Avec des amitiés et des brouilles

A Varsovie, les SDF se cachent. Comme dans toutes les agglomérations, la nuit, les arrêts de tramway et de métro deviennent leur dortoir. Mais ils ne sont qu’une poignée à se montrer en centre-ville. La grande majorité a élu domicile dans les terrains abandonnés de la capitale. Maisons délaissés, jardins ouvriers en friche, jungle de détritus. Quartier sud, à l’ouest de la Vistule, le fleuve qui coupe la capitale polonaise en deux : côté riche, côté pauvre. La maraude (personne qui porte assistance aux SDF,ndlr) qui vient à leur rencontre doit sortir des sentiers illuminés de la ville et rouler encore plusieurs kilomètres. Les travailleurs sociaux garent leur voiture et continuent à pied, dans la bouillasse des chemins improvisés. A l’abri d’une route, au fond des arbres : un jardin ouvrier laissé à l’abandon. Ici, vivent plusieurs sans-abri. Chacun a sa cabane, rapiécée avec les moyens du bord. Comme des voisins, ils s’organisent une vie en communauté. Un semblant de vie pour tenir le coup. Avec des amitiés et des brouilles.

Et au milieu : la vielle dame qui réclame la paix dans le voisinage.« Ah ! Vous voilà ! Venez-donc m’aider ! » Une vieille dame s’approche de la maraude, une casserole à la main. On lui prend le récipient pour le remplir d’une soupe à la betterave. Les joues brûlées par le froid, la peau ternie, les baskets craquelés de partout, elle emmène les travailleurs sociaux au cœur de son « quartier ». Un chien n’arrête pas d’aboyer. Cette fois-ci, ce n’est pas lui qui est au cœur de la discorde de voisinage, mais bien l’animal de compagnie de l’homme qui vit tout prés. « Il a laissé sa bête dehors, toute la nuit ! Je ne peux pas m’occuper de mon chien et du sien, vous comprenez ! Il faut toujours qu’il complique tout, cet homme ! » Derrière son épaule, le conjoint de la vieille dame acquiesce de la tête. Une brouille de voisinage, comme on en connait tous. Mais, ici, le couple vit dans des conditions exécrables. Au pied de leur cabane, des déchets en tout genre : palettes de bois, boites de conserves, sachets plastiques, récupérations, bibelots. Ils ne survivent qu’avec l’aide des maraudes qui apportent de la nourriture et leur proposent des soins dans les refuges. Pourtant, ils veulent s’organiser un semblant de vie, pour donner un sens à tout ça.

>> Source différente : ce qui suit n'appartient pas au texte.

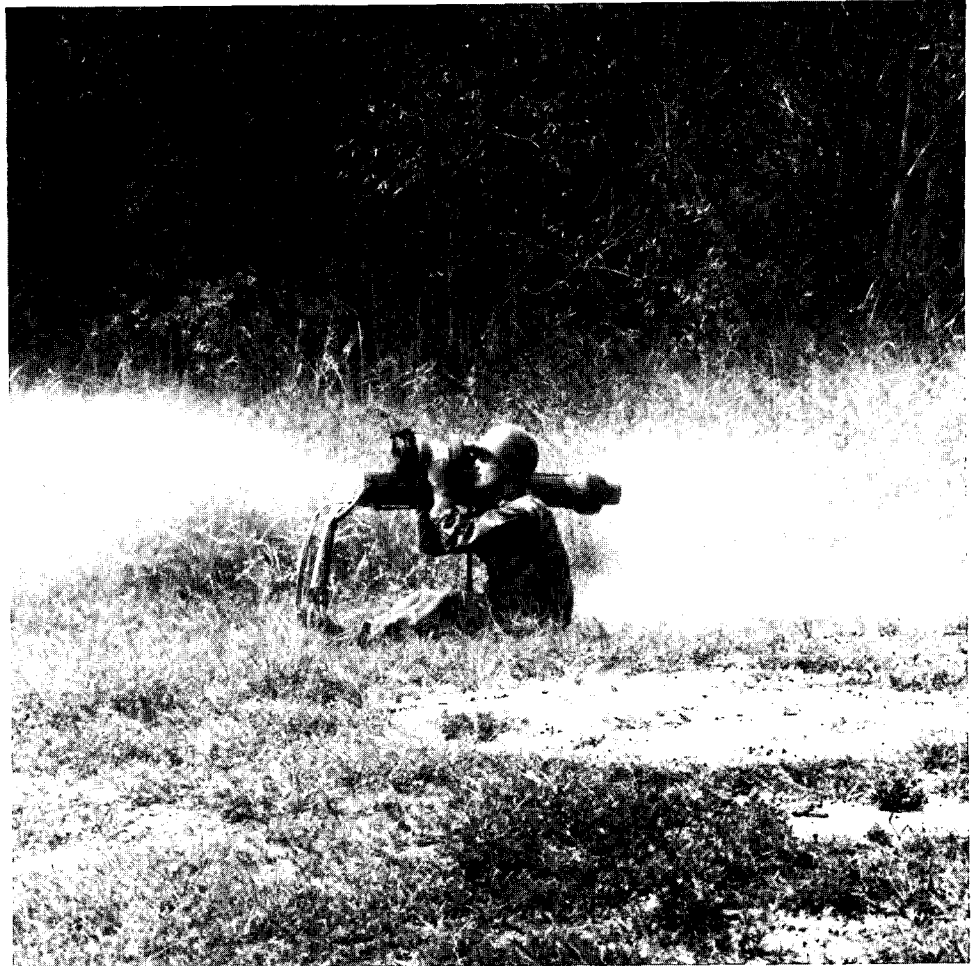
Figure 1.4: Dragon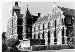
Victorian School for Deaf Children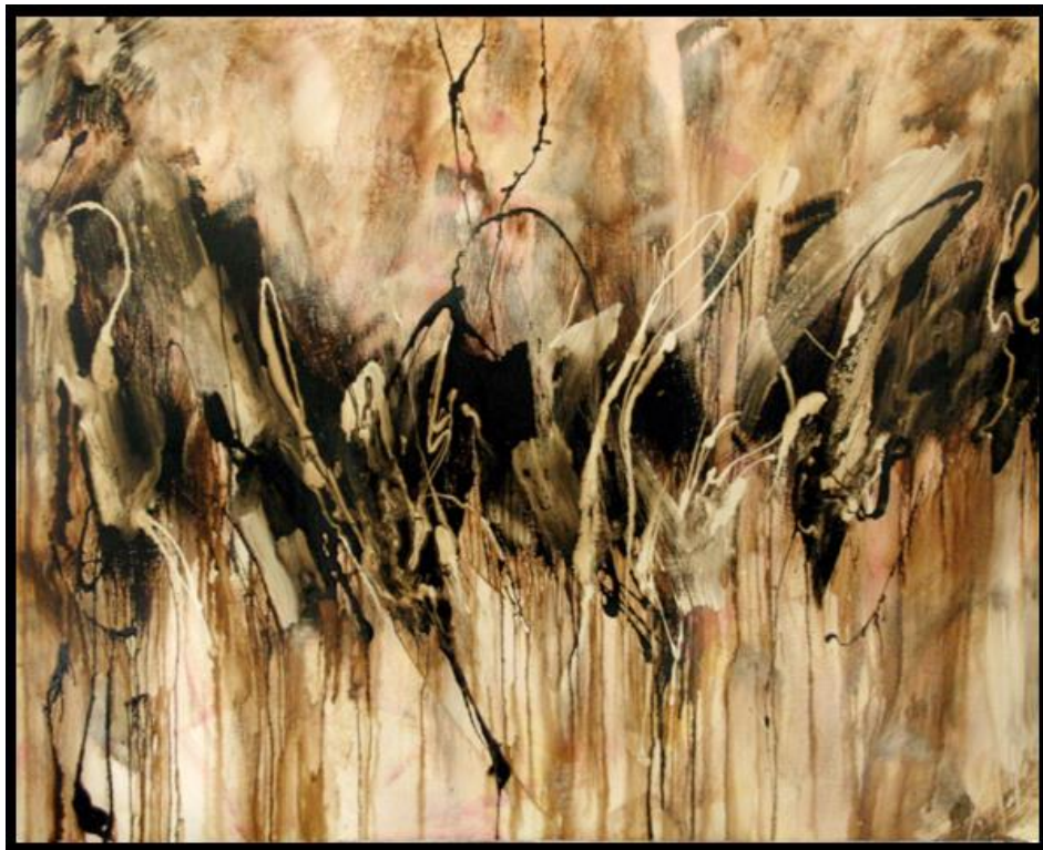
Figure 9. Michael Seiler. "The Asphalt Collection: Dances with Fire #1"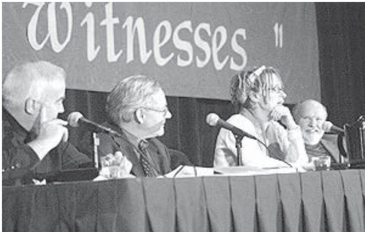
Jim Wallis, E.J. Dionne, Anne Lamott, Fr. Richard Rohr

St. Peter’s parish was well represented among the 1,790 men and women from 49 states and 6 foreign countries who attended the first “Politics and Spirituality Conference” in Washington, DC, January 14-16. Participants heard 3 dynamic speakers stir them first to contemplation and then to action.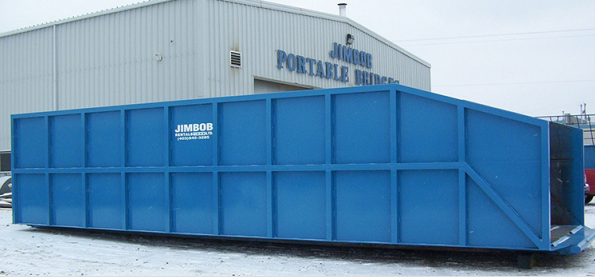
High Wall Open End 10' or 12' Wide X 40' Long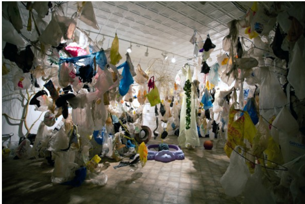
Tartarus, an installation at Public Pool Gallery, 2011

I don't really like the idea of nostalgia, I prefer to focus on the present moment and find the beauty in how things are now opposed to looking back on how they were. I tend to work in buildings that aren't very personal—they're places of work—factories. There may have been thousands of people working and occupying the spaces where I am working at any given moment. These sites don't quite have that trace, or energy, that a house might—where people lived and slept, family members loved and grew up. I don't really work in places like that, and I think part of the reason is because of the memory—the idea of who they were is still very strong there, and you can feel it and see it sometimes. I think I shy away from that a bit.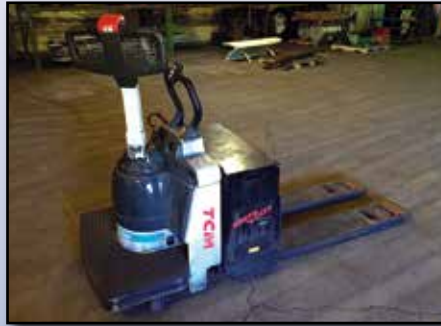
'14 TCM 6,000LB WITH CHARGER

2014 TCM TCM-ER60, 6,000 lb Walkie/Rider Forklift , s/n 2W26-9317747, 24 volt battery, with charger. In good condition. (415 Hours)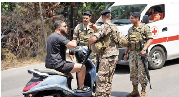
Lebanese soldiers speak to a motorcyclist as they stand guard on a road that leads to the US Embassy in Beirut, on Wednesday. — AP

The knife attack by a 25-year-old originally from Afghanistan injured six people. — Reuters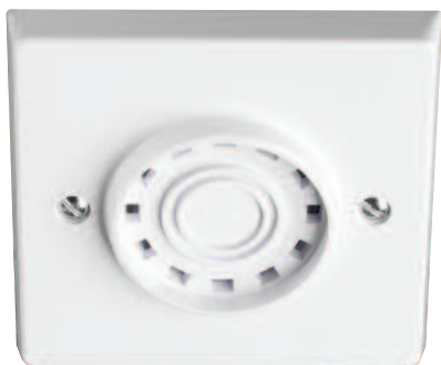
FX003W white flush sounder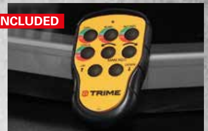
R.O.T. SYSTEM Remote Control 50mt range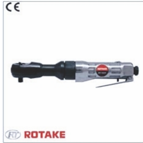
RT-5221 ( 3/8 )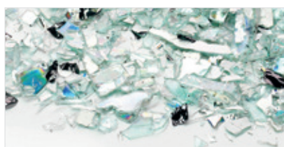
CDs, DVDs, Blu-ray discs in cutting size: 11,5 x 26 mm (299 mm 2 ). Security level: O-2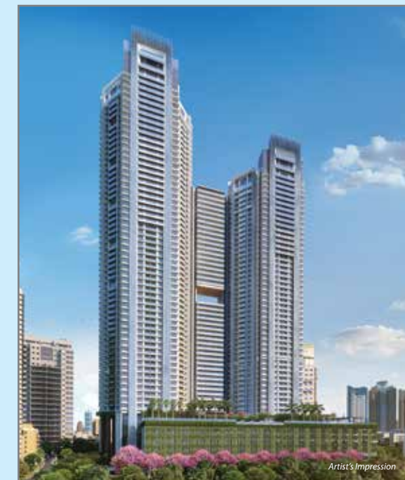
25 South, Prabhadevi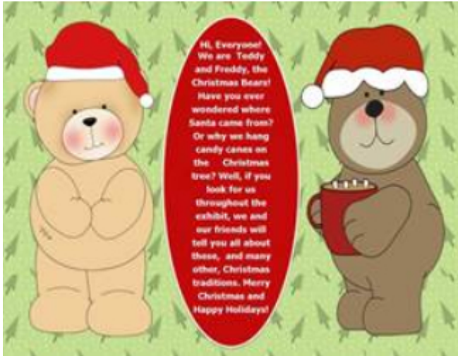
Teddy & Freddy, the Christmas Bears

For more than a month, I have been researching Christmas and putting together the Becoming Christmas exhibit for the Greenbrier Historical Society (GHS). The exhibit opened on November 23, 2014, and will be available until January 3, 2015.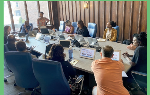
South Side Neighborhood Planning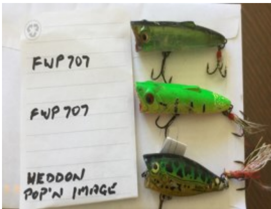
Favourite bass lures as used (very successfully) in daylight hours in the river around Alstonville.

« Comment je vis ici ? Grâce à mon chariot ! »

"Des nids à microbes et autres maladies contagieuses gelés par le froid de l’hiver."A quelques mètres de là, Jadyslaw reçoit des amis chez lui. L’accueil est sommaire, mais c’est convivial. A l’intérieur du cabanon, une radio chante les tubes du moment. Les « invités » sont entassés les uns sur les autres, autour d’un verre. Des banquettes en bois sur lesquels sont allongées des couvertures récupérées. Pour couper le vent, un gros rideau de laine double la porte d’entrée. « On est deux à vivre là, mais aujourd’hui il y a plus de monde. J’ai des invités », explique l’homme aux cent rides sur le visage. « Comment je vis ici ? Grâce à mon chariot ! Je ramasse les canettes et boites de conserve dans la rue ou dans les bennes à ordures. Et je les revends. » Jadyslaw est payé 4 zlotys par kilo de métaux. Moins d’un euro. Il traverse la ville de part en part pour récolter jusqu’à 20 kilos de conserves : « je peux en faire rentrer beaucoup dans mon chariot. » Des ordures, il y en a partout autour de lui. Des nids à microbes et autres maladies contagieuses gelés par le froid de l’hiver.

Klaudia, son concubin, leur chien et leur chat ne vivent pas dans le jardin ouvrier. Ils habitent dans une vieille bâtisse abandonnée. Une maison en ruines prête à s’effondrer. Ils squattent et tentent de survivre à l’hiver en trouvant du bois pour se chauffer. Avec la crainte de se faire chasser par les autorités de ce logement abandonné. « C’est très dur de vivre comme ça. Je dois trouver du bois pour me chauffer. Il y en a presque plus. Où je vais le chercher ? Dans les ordures, pas loin. Des fois je ramène une palette, mais ça suffit à peine pour se chauffer une journée entière. » La maraude lui apporte aussi de la soupe, des conserves et du pain. Mais pas tous les jours. Alors comment vivre ? « Pour manger, et bien, je fais les poubelles. Je n’arrive pas toujours à trouver quelque chose, mais des fois je tombe sur des restes. » La fragile Klaudia se bat tous les jours pour nourrir concubin, chien et chat. Sa famille. Tout ce qui lui reste.